Task statement » Reproduce exactly, and only, the lines of the material below running from the line bearing "Na predaj ponúkame" through the line bearing "White garlic sauce, fresh". Leave any pictures out.

Entries shown »
——

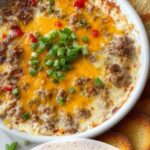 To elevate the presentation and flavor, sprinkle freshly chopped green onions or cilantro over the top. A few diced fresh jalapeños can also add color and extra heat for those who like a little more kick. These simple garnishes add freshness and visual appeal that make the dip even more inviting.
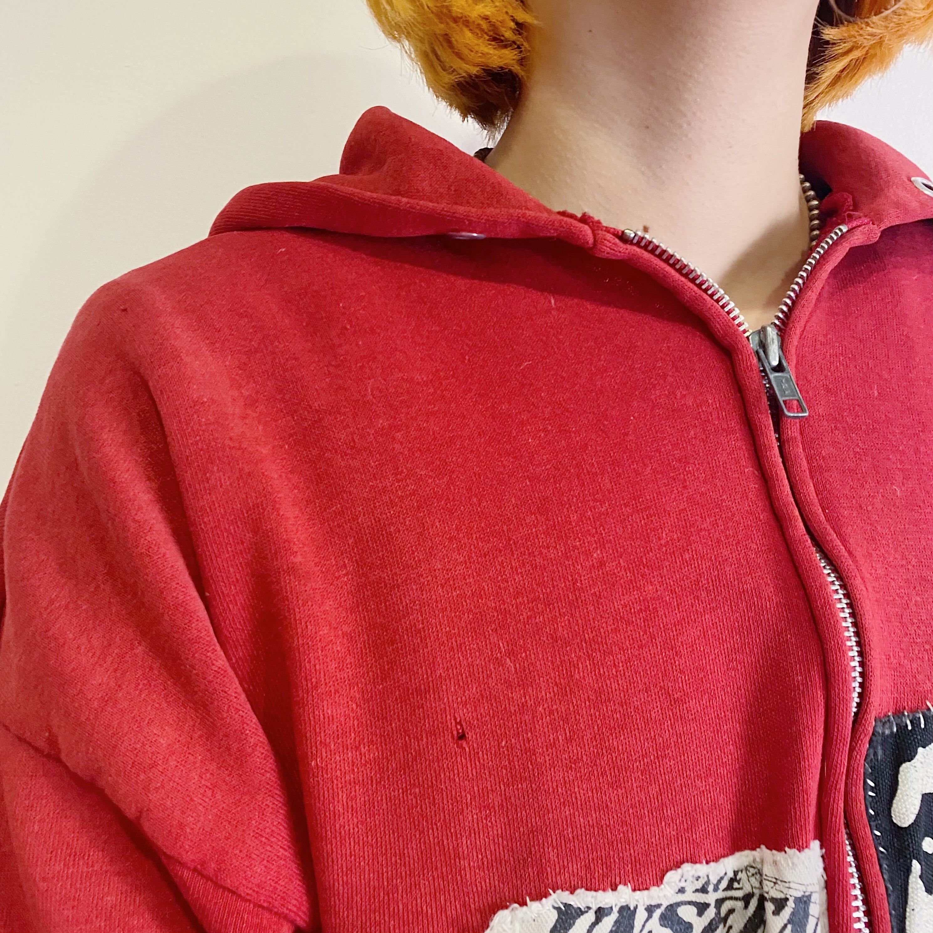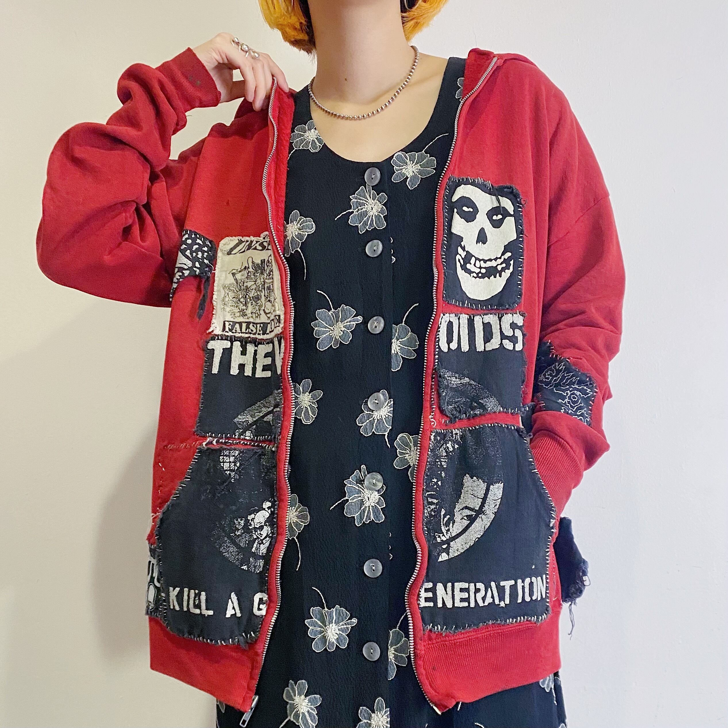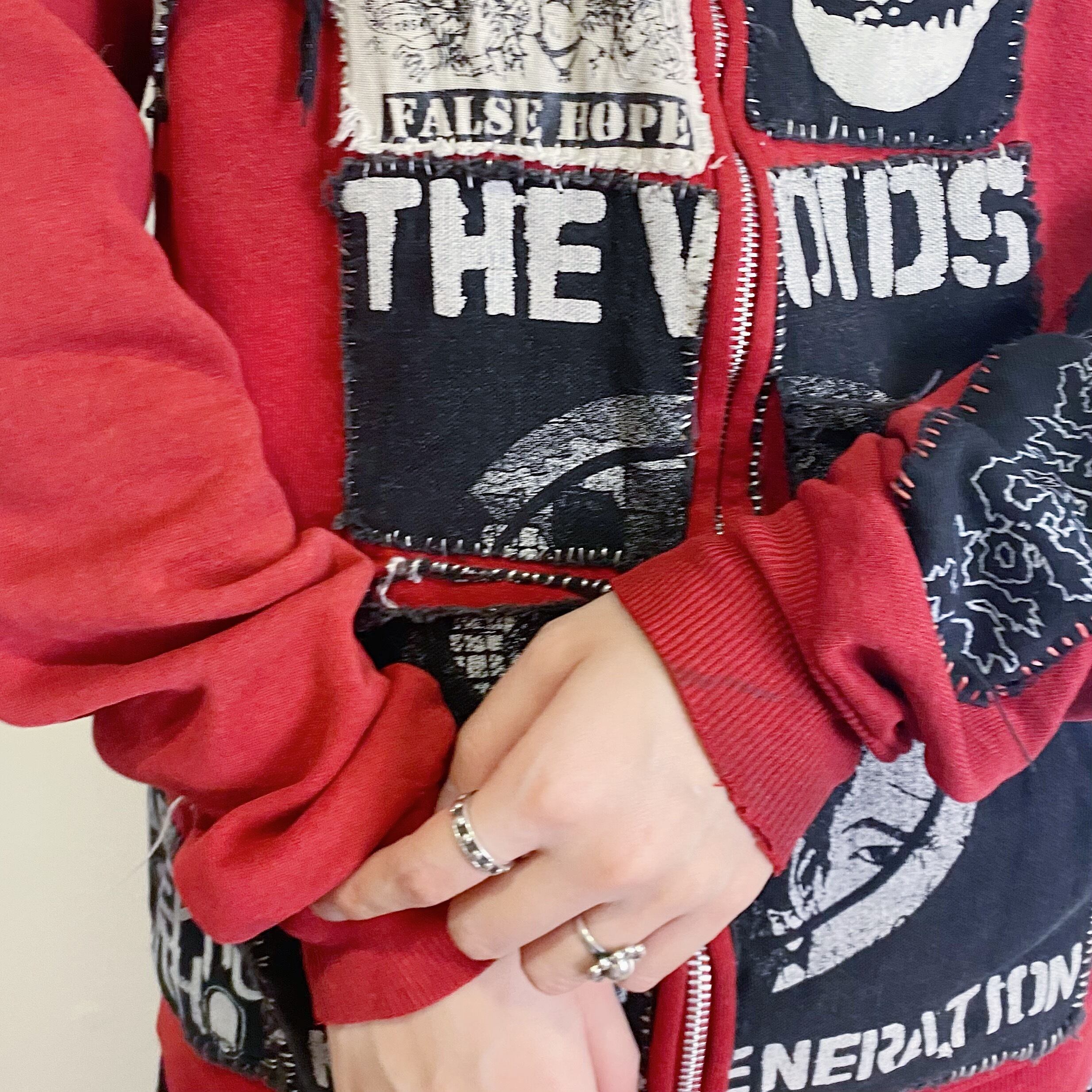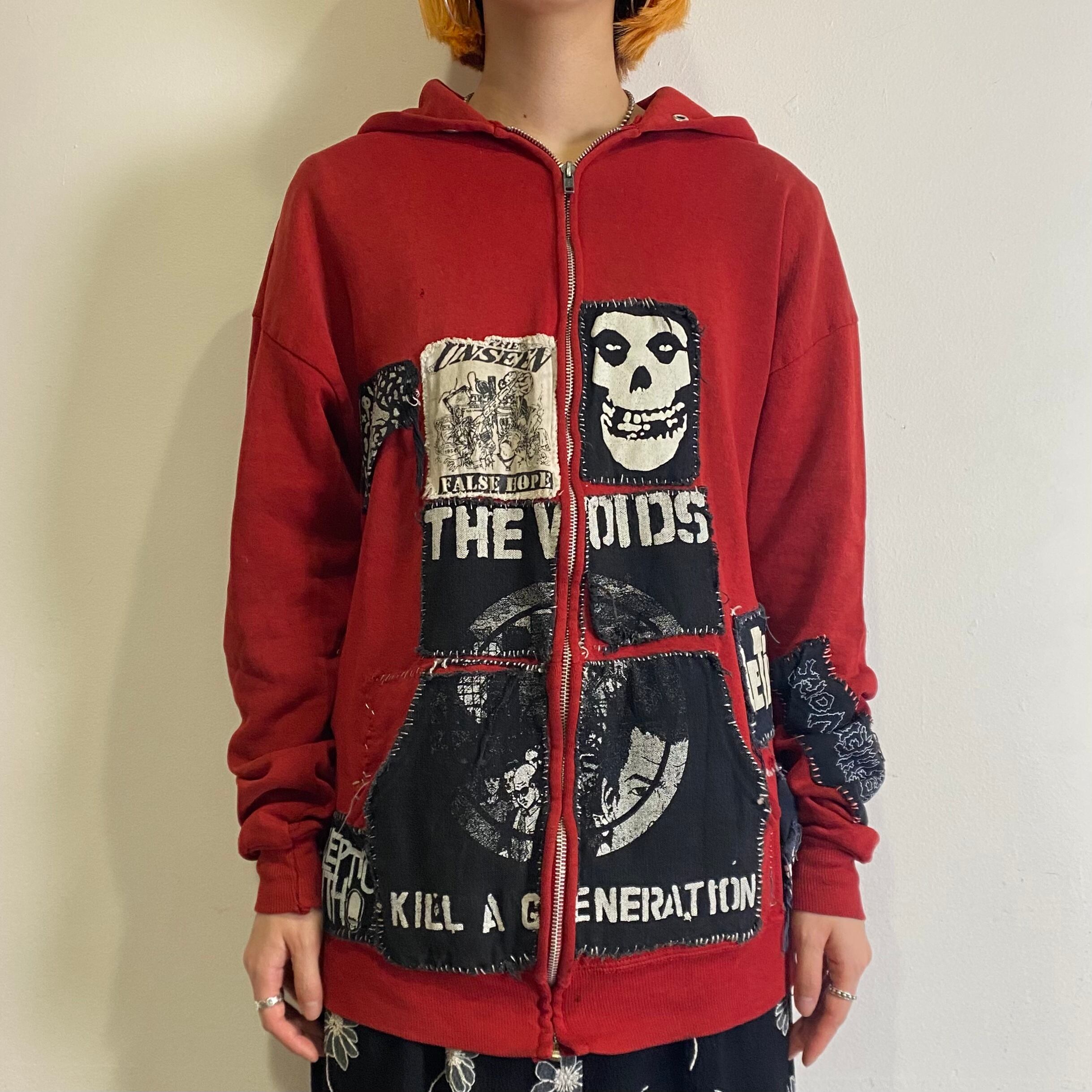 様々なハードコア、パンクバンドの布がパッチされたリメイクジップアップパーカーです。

——

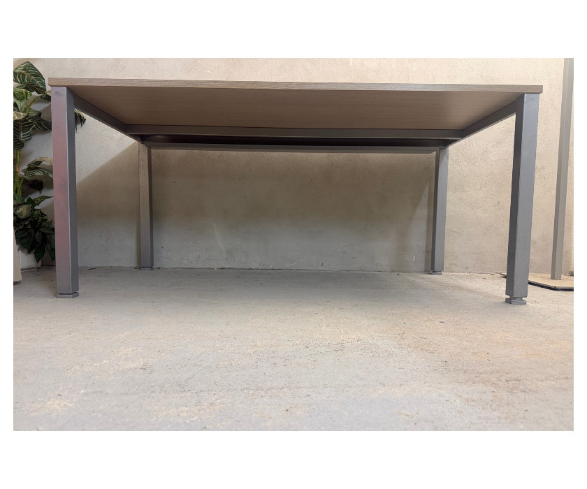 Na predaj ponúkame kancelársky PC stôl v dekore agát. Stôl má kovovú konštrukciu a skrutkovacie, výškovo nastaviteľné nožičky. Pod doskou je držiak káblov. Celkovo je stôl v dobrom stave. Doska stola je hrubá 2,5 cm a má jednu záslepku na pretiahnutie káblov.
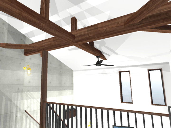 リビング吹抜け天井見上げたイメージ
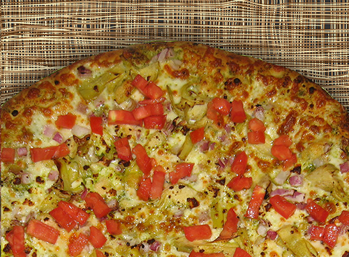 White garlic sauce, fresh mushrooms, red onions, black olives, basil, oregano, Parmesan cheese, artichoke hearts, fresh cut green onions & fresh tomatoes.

——

Solution »
 Na predaj ponúkame kancelársky PC stôl v dekore agát. Stôl má kovovú konštrukciu a skrutkovacie, výškovo nastaviteľné nožičky. Pod doskou je držiak káblov. Celkovo je stôl v dobrom stave. Doska stola je hrubá 2,5 cm a má jednu záslepku na pretiahnutie káblov.
 リビング吹抜け天井見上げたイメージ
 White garlic sauce, fresh mushrooms, red onions, black olives, basil, oregano, Parmesan cheese, artichoke hearts, fresh cut green onions & fresh tomatoes.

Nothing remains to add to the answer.